Notre "chant du monde" s'ouvre donc  à une nouvelle façon d'appréhender toutes les formes de vie et à reconsidérer la notion de conscience, même si à cet égard nous n'en sommes qu'aux balbutiements puisque nous sortons (enfin!)  du système cartésien.

 Nous savons maintenant que nous ne savons pas bien ce qu'est la conscience, nous nous interrogeons sur la DMC (dissociation motrice et cognitive), sur  "l'état végétatif",   sur le "syndrome d'enfermement" et sur comment "débloquer la voix" (cf article ci-dessous)  Saurons-nous un jour comprendre "l'état végétatif" et "état végétal"   et "débloquer" toutes les voix du vivant ?

Un rapport qui mettra tout le monde d'accord, y compris les sceptiques : celui commandé par l'INRA en mai 2017 -qu'on ne peut pas soupçonner de spécisme !- qui fait la synthèse  sur ce que nous connaissons de la conscience animale, étude portant essentiellement sur les animaux d'élevage (mais pas que) puisque l'INRA pose la question de notre responsabilité envers ces animaux, leur bien-être physique et mental.

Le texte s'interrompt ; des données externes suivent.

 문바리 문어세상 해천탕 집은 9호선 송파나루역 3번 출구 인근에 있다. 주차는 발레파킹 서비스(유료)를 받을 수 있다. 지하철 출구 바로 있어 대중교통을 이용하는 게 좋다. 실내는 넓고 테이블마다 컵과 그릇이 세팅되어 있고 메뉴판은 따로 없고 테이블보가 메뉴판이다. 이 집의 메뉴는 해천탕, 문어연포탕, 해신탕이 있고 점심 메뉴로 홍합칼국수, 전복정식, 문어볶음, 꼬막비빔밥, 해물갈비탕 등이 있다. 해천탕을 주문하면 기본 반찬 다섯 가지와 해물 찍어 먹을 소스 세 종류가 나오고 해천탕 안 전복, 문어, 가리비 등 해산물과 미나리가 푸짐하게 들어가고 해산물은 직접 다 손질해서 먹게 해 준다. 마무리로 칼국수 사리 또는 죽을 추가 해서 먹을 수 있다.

Lisez les 7 pages (claires)  de ce résumé (lien ci-dessous) et vous en serez ... je ne trouve pas le mot qui convient ! 

Pour terminer cet article de façon plus ludique, mais non moins réflexive, je vous suggère de voir ou de revoir le film "Premier Contact", mal jugé car mal compris  à sa sortie en 2016, qui propose une réflexion particulièrement intéressante et originale sur le décodage du langage, ici des  aliens pacifiques et heptapodes, et donc de toute forme de langages autres qu'humains,  ainsi que sur la perception non linéaire du temps. -L'héroïne du film se prénomme Hannah, prénom-palindrome...

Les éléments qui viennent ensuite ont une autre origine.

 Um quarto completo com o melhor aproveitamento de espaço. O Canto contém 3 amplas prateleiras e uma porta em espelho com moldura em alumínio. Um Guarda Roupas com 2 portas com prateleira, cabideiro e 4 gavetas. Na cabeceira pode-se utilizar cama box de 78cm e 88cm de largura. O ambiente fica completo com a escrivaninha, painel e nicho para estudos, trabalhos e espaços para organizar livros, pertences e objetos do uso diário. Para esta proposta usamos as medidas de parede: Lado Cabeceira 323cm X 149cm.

Jets d'encre logogrammes des aliens de Premier contact, "symboles magnifiques entre  le test de Rorschach et l'action painting de Jackson Pollock". (Jacques Morice).

Premier Contact (film) — Wikipédia (wikipedia.org)

Ce qui renforce l'idée que nous allons chercher bien loin des "aliens" alors qu'ils nous entourent : ce sont les animaux  et les plantes dont nous commençons à peine à entre-apercevoir  l'intelligence hors de nos normes humaines.  Ces "premiers contacts" sont un beau programme pour les années à venir, non ? 

Document partagé via Facebook

Franco Fortunato (peintre italien né en 1946) La fabrique du temps.

Franco Fortunato (peintre italien né en 1946) La fabrique du temps.

Beaucoup de liens dans cet articles, me direz-vous ? Oui, juste pour ouvrir des pistes et essayer de vous prouver que nous vivons une époque passionnante (sans ironie). Car  je me garderai bien de m'exprimer au-delà de mes domaines de compétence : "Sutor, ne supra crepidam !" comme disaient les Romains. 

Je ne fais donc pas d' "ultracrépidarianisme",  même si on entend beaucoup de non-spécialistes s'exprimer sur le/la COVID par les temps qui courent ! Vous me direz- et vous aurez raison- que même les spécialistes sont parfois "diafoireux" ! 

Dali, Persistance de la mémoire corpusculaire.

Dali, Persistance de la mémoire corpusculaire.